Never too Early to Prepare Your Taxes
It is wise to begin to think about 2017’s tax season because your small business can never be too prepared. While considering tax planning for your small business, it is highly recommended to work with a tax professional in order to ensure that you are getting the best possible deductions on your tax return that you are eligible for. In order to learn more about small business tax planning for 2016 and into 2017, consider the following tips.
Create Business Expenses that Will Also Benefit You Next Year
If you are able to deduct expenses from your revenue this year, it will greatly reduce your overall tax burden. Additionally, if you are able to sell off your bad investments at a loss, you will then be able to offset your investment gains for the year up to a sum of $3,000. Lastly, if you have any goods and services that are ordered, but not delivered as of yet, it may benefit your tax return to defer recognizing the related revenue until they are delivered. This way, your businesses’; revenue and overall taxable income on this year’s return will be substantially less.

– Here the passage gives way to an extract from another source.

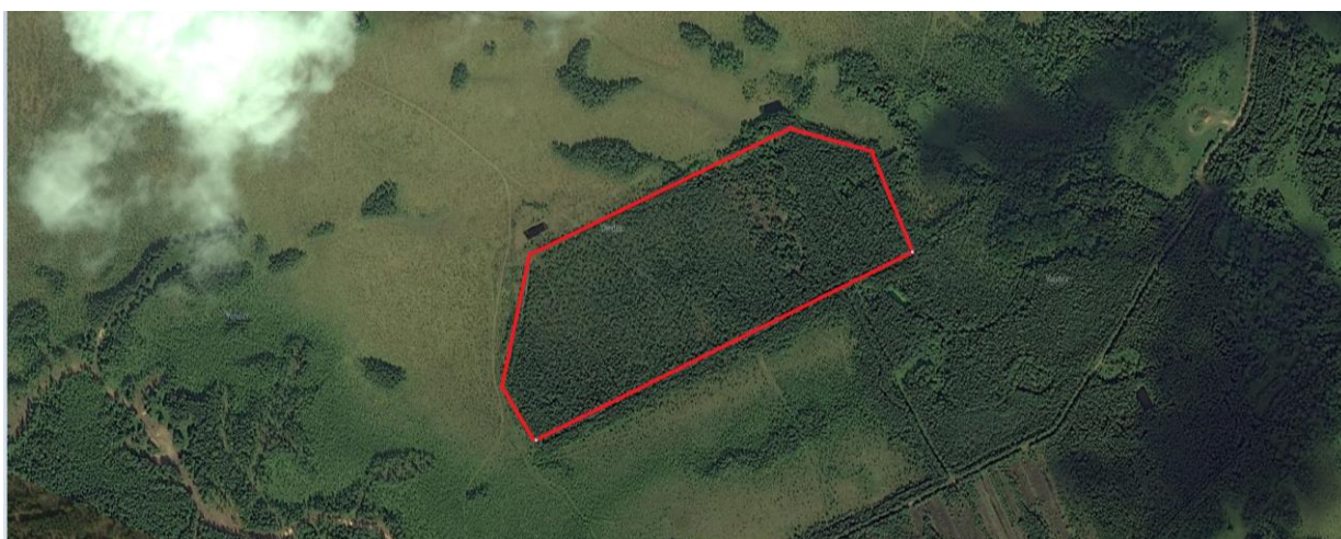
Рисунок 1 - Схема расположения земельного участка в приложении «Яндекс.Карты»

Агрохимическое обследование было проведено на земельном участке в Верхнетоемском районе Архангельской области расположенным 1,5 км южнее дер. Жаравинская. (Рисунок 1)

Maximize Any Travel, Mileage, and Auto Expenditures
The IRS permits you to deduct 54 cents per mile for any business travel. Also be sure to track toll and parking expenses. That being said, the IRS does not permit driving to and from work to be included for this deduction.
Charitable Deductions and Company Benefits
Any contributions to retirement, health savings accounts or flexible spending can be deductions. Additionally, contributions to charity can also create great deductions for your business or personal return.
Deductions and Eco Credits
If you take the time to research which pieces of equipment are environmentally friendly, then you could be eligible for tax credits. Additionally, if you purchase a hybrid, you may be able to benefit from the IRS Plug-In Electric Drive Vehicle Credit, which is a great benefit to your overall tax return.
Health Care Tax Credit for Small Businesses Who Purchase Insurance From the Exchange
If you are a small business employer and have (1) less than 25 full time employees, (2) pay average wage of less than $50,000 annually, and (3) pay at least half of the health insurance premiums for your employees, then you may qualify for health care tax credits.
Deductions for Certain Software and Equipment
Section 179 pertains to certain businesses and their eligibility to deduct the full price of equipment that qualifies or certain software purchased for up to $500,000. Furthermore, there is a bonus depreciation that permits business owners to depreciate up to 50% of the cost for purchasing new equipment in 2016. If both of these tax laws are utilized in one tax return, they can make a great difference in the amount of taxes owed.
How to Interpret the Affordable Care Act
According to the ACA, small business employers can now face many penalties for both failing to provide health insurance to employees or for not reporting to the IRS the type of coverage provided. The ACA stipulates that businesses with between 51 and 99 employees are required to provide health insurance to 70% of their employees at a minimum. If they do not, they may face a $2,000 fine per employee. Employers also must report each employee’s W-2 form in Box 12 the complete cost of health coverage that was provided by the employer. Failure to do this can result in fines of $200 per employee.
Do Not Neglect to Claim Your Full Write-Offs
Be sure to remain up-to- date about recent changes to the tax code. The reason for this is that there could be several new deductions that could benefit your tax return. An important fact to note is that if you are self-employed, you have the ability to deduct half of your self-employment tax, amongst many others.
Are Your Children Assisting You in Your Business?
If so, consider adding them to your payroll. If kept under the annual standard deduction amount ($6,300 for 2016) you may create a deduction for the business without creating a tax liability for your children.
OverviewStaying current on the changes to the tax code can be very beneficial to your small business. Thus, take the aforementioned recommendations into account when preparing your small business tax return for 2016 and into 2017. By doing so, you will be putting your best fiscal foot forward.